Teaching Tips / Activity Overview:
This lesson will be the first in a unit on constructing Phylogenetic Trees from DNA or Protein Sequences. The unit overview / engagement activity is provided by Tara Flick's Bear Evolution Lesson, in which students:
- Collect 9 DNA sequences from various species of bears and other closely related species from the NCBI database;
- Generate an edit-distance matrix consisting of evolutionary distances between all pairwise combinations of the 9 animals, using UCSD's Biology Workbench CLUSTAL tools;
- Generate a phylogenetic tree from the edit-distance matrix.

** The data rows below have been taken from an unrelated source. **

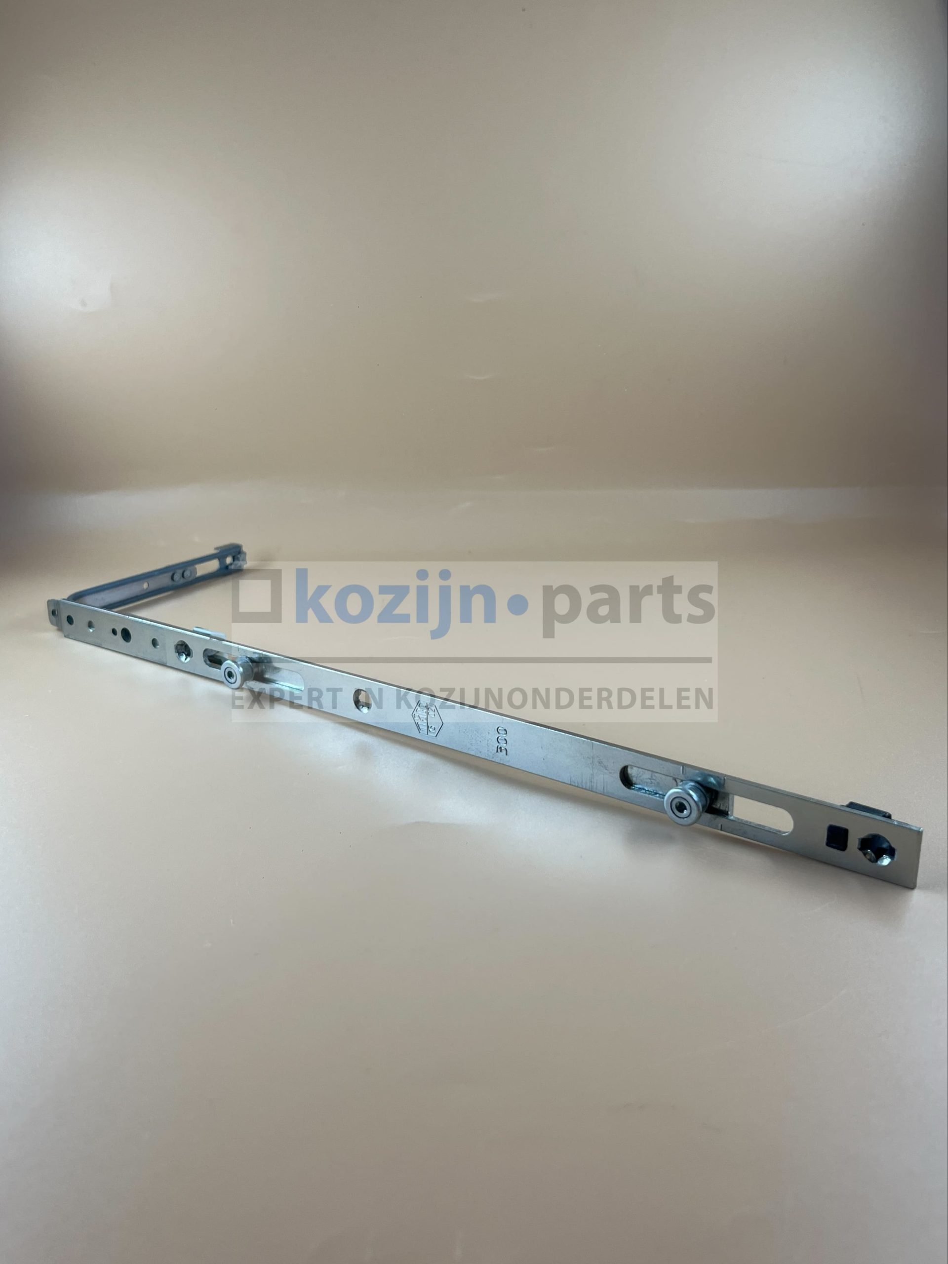 De MACO MultiTrend eindvergrendeling 300 is ontworpen voor draai-kiepramen met een falzhoogte van 601 tot 750 mm en een falzbreedte van 481 tot 600 mm. Dit beslagonderdeel biedt betrouwbare vergrendeling aan de onderzijde van de raamvleugel dankzij twee verstelbare sluitnokken die zorgen voor optimale aandrukkracht en afdichting.
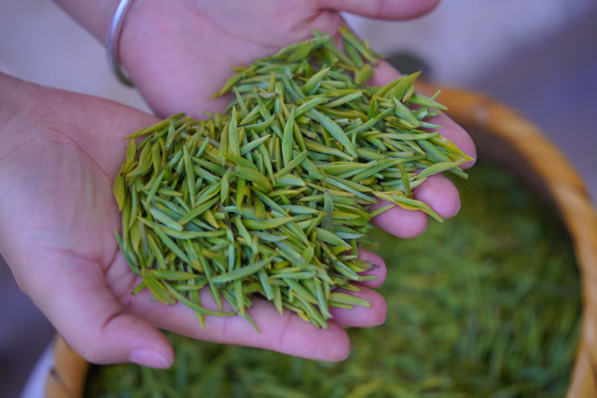 清晨8点,孩子们背着茶篓踏上乡间小路,一路欢声笑语。茶园里,技术人员手捧茶芽耐心讲解:“采茶要用指尖轻轻提,要采‘一捏一提’。”
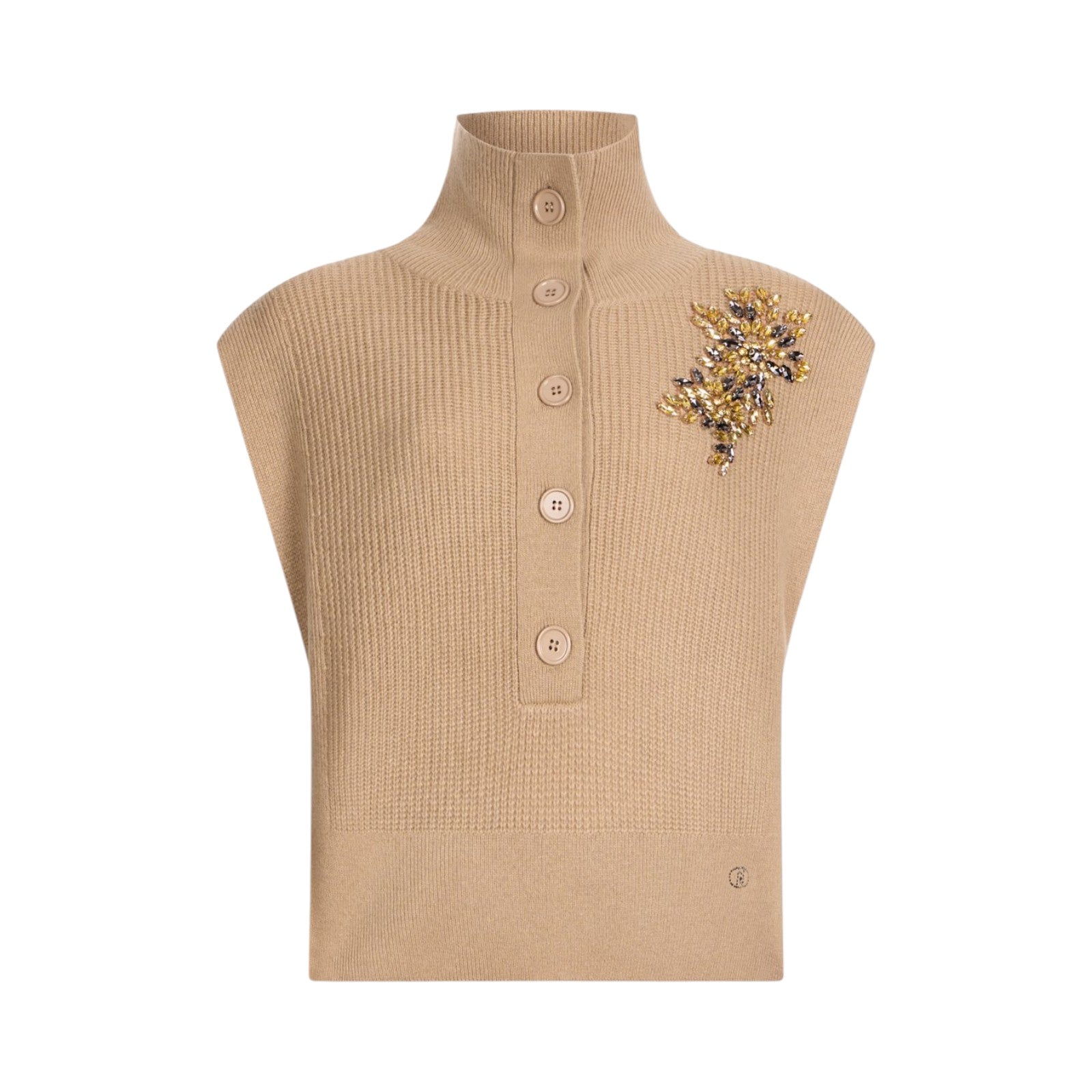 Gilet in maglia 100% lana. Chiusura con bottoni. Ricamo gioiello. Spacchetti sui lati. La modella è alta 178 cm e indossa la taglia S.
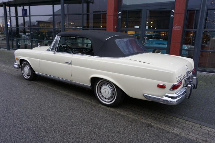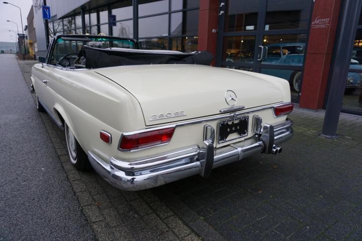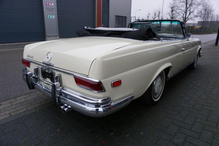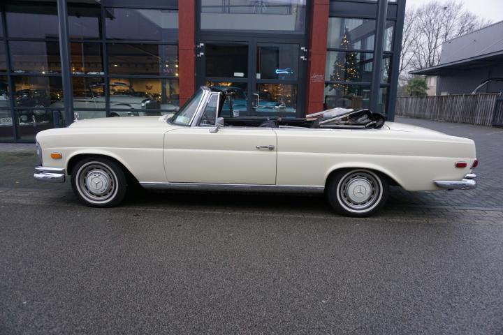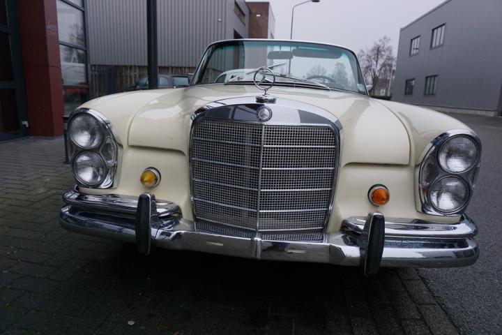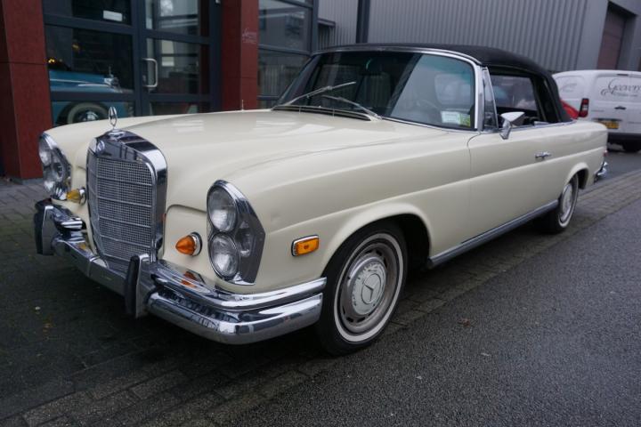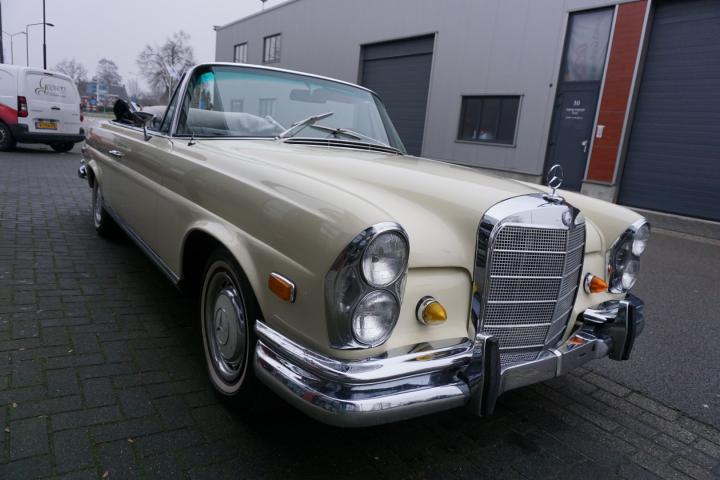 Best een mooie auto deze 280SE hoge grille Cabriolet, de prijs/kwaliteit verhouding in in orde, loopt en rijdt goed en zal technisch weinig tot geen werk met zich meebrengen, in het verleden heeft deze 280SE een nieuw onderblok af fabriek gekregen, de juiste 130980 motor, qua lakwerk goed, mooi strak en geen deuken of krassen, het chroomwerk is netjes met de juiste pasvorm, de Amerikaanse bumper-rozetten voor en achter is persoonlijk, leder interieur is nog volledig het eerste originele af fabriek, de body is origineel, droog en goed, auto heeft geen laswerk gehad in het verleden, kortom een leuke auto met een uitdagende prijs voor een 280SE W111025 Cabriolet af fabriek.

The edit-distance matrix and the phylogenetic tree for the Bear Evolution lesson (i.e. the results) are contained in the Bear Evolution Lesson Results.doc document.The algorithms behind this process, however, are hidden inside Biology Workbench's opaque "black box". This new unit will attempt to make these algorithms transparent to students.
- Lesson 1 (this lesson): Students construct an Excel spreadsheet to model the simplest implementation of the LCS (Longest Common Subsequence) algorithm in order to calculate the degree of homology between 2 sequences.
- Lesson 2: Students construct the same program in Java or another higher level language/IDE. Students will also add scoring matrices for gaps, insertions, deletions, and point mutations, including implementing the BLOSUM and PAM matrices for protein sequences.
- Lesson 3: Students will convert the homology data to edit-distances and construct a matrix.
- Lesson 4: Students will build a program to use the edit-distance matrix data to construct a phylogenetic tree.
- Lesson 1 can be taught in an Introductory CS class where students have learned the basics of Excel spreadsheet construction, including a familiarity with functions, formulas and absolute/relative cell refererencing. In more advanced classes, Lesson 1 serves as a scaffold / proof-of-concept model for students to better understand the Java (or other higher-level language) program that they will be designing and coding.
- The 2 POWERPOINT Presentations contain step-by-step instructions for building a small version of the program - something that can handle and show how the algorithm works for a sequence of up to 10 characters in length.
- 2 XLSM documents are attached. The first is the completed model built from the 2 POWERPOINT Presentations. The 2nd is an expanded version that can handle sequences up to 256 characters in length; The β-chain of hemoglobin from Human and Mouse are compared.